We amplified and sequenced the pfk13 gene from all the 332 samples (300 pre-treatment samples and 32 LPF samples). Thirteen pfk13 gene mutations were detected in 21 out of the 332 sequences analysed in this study (Table 3). The prevalence of parasites with mutations on chromosome 13 in the propeller region of the pfk13 protein was 6.3%, 93.7% did not have mutations (Fig 1). The highest occurring mutation Q613H (1.5%) was detected in five samples (three from Plateau State and two from Enugu State). The C469C mutation with 1.2% was detected in four samples from Enugu State. Mutations V692G and G449S were detected in 0.6% of samples (G449S in Kano State; V692G in Enugu and Plateau States). We summarized mutations detected in this study and previous Nigerian studies in Table 4.

Table 3

Pfk13 polymorphisms observed in Enugu, Kano and Plateau States.

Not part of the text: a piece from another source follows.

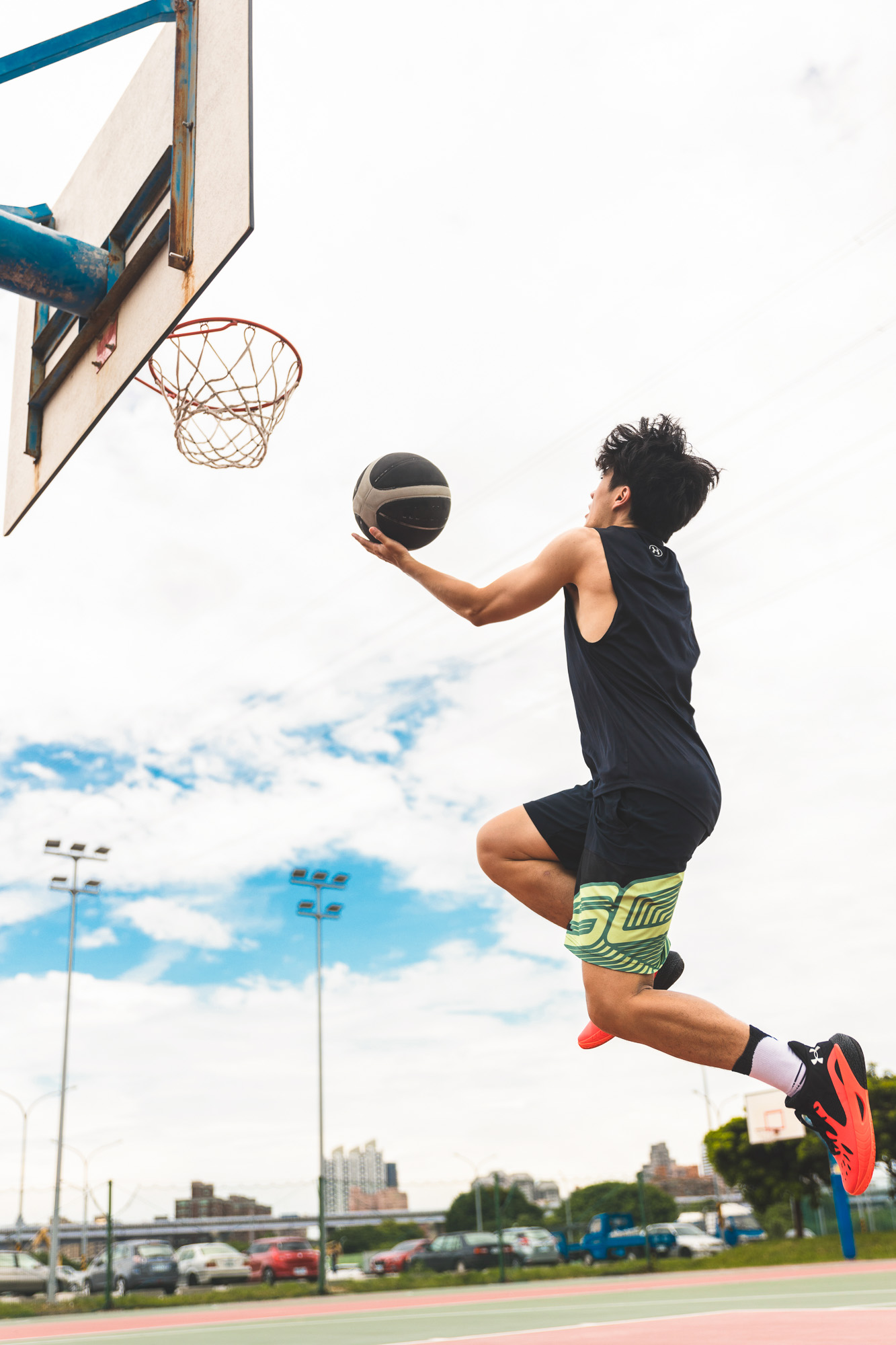 HOVR Havoc 3 跟我很配,怎麼說呢?第一眼看到 HOVR Havoc 3 時就被它的外觀給吸引,鮮紅色楦頭配上黑色鞋身,高調中有低調,是我(相信也是大多數人)喜歡的配色,加上戰鬥感線條設計光看上去就能想像我穿上球奔馳的畫面。性能方面,我是屬於無球跑動以及偏後衛打法的球員,過去打球時也比較習慣穿著中低筒籃球鞋,因為跑動、切入、快攻樣樣都來,所以動態流暢性、重量輕巧以及變向第一拍的反應對我來說非常重要,先說結論,HOVR Havoc 3 滿足我這個類型球員需要的性能表現,並且還給我額外優點,當下有點賺到的感覺,至於是什麼就讓我們留在後面說。
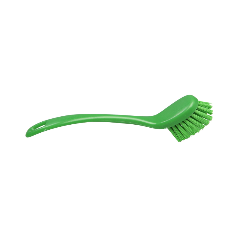 Щетка для мытья посуды FBK средней жесткости 225x35 мм зеленая Узкая и удлиненная ручная щетка средней жесткости с износостойкой 5-ти рядной щетиной с распущенными концами подходит для мойки посуды, гастроемкостей, труднодоступных мест, оборудования и любых поверхностей. Имеет сквозное отверстие для подвешивания. Соответствует требованиям ХАССП. Выдерживает температуры от -20°С до 134°С. Допустимо автоклавирование при температуре 134°С. Материал: щетина - полиэстер РBT, основание - высокоплотный полипропилен. Размеры: рабочая часть: 50х35 мм; щетина: средней жесткости, длина 25 мм, толщина 0,30 мм. Цвет: зеленый.

S/N	K13 Amino Acid Locus	Nucleotide Locus	Reference Allele	Mutant Allele	Mutation Type	Country Previously Observed	Nigerian State Observed
1.	K438N	1314	A	T	Non-synonymous	SE Asian Countries	Kano
2.	G449S	1345	G	A	Non-synonymous	Mali	Kano
3.	F451L	1353	T	-	Non-synonymous	-	Kano
4.	C469C	1407	C	T	Synonymous	Kenya, Malawi, Senegal, Niger, Congo, DRC	Enugu
5.	V487E	1460	T	A	Non-synonymous	-	Enugu
6.	A557S	1669	G	T	Non-synonymous	Congo, DRC, Côte d’Ivoire	Enugu
7.	A578S	1732	G	T	Non-synonymous	Uganda, Kenya, DRC, Gabon, Mali, Ghana, Cameroon, Cambodia, India	Enugu
8.	Q613H	1839	A	T	Non-synonymous	Senegal, Ghana, Tanzania	Enugu & Plateau
9.	A621A	1863	T	A	Synonymous	-	Enugu
10.	Q661H	1983	A	-	Non-synonymous	-	Enugu
11.	N664I	1991	A	T	Non-synonymous	-	Plateau
12.	V692G	2075	T	G	Non-synonymous	-	Enugu & Plateau
13.	N694K	2082	T	A	Non-synonymous	Angola, Cote d’Ivoire	Kano

Fig 1

A chart showing the frequency distribution of pfk13 gene polymorphisms observed in this study.

Table 4

Molecular surveillance of Pfk13 propeller polymorphisms in Nigeria.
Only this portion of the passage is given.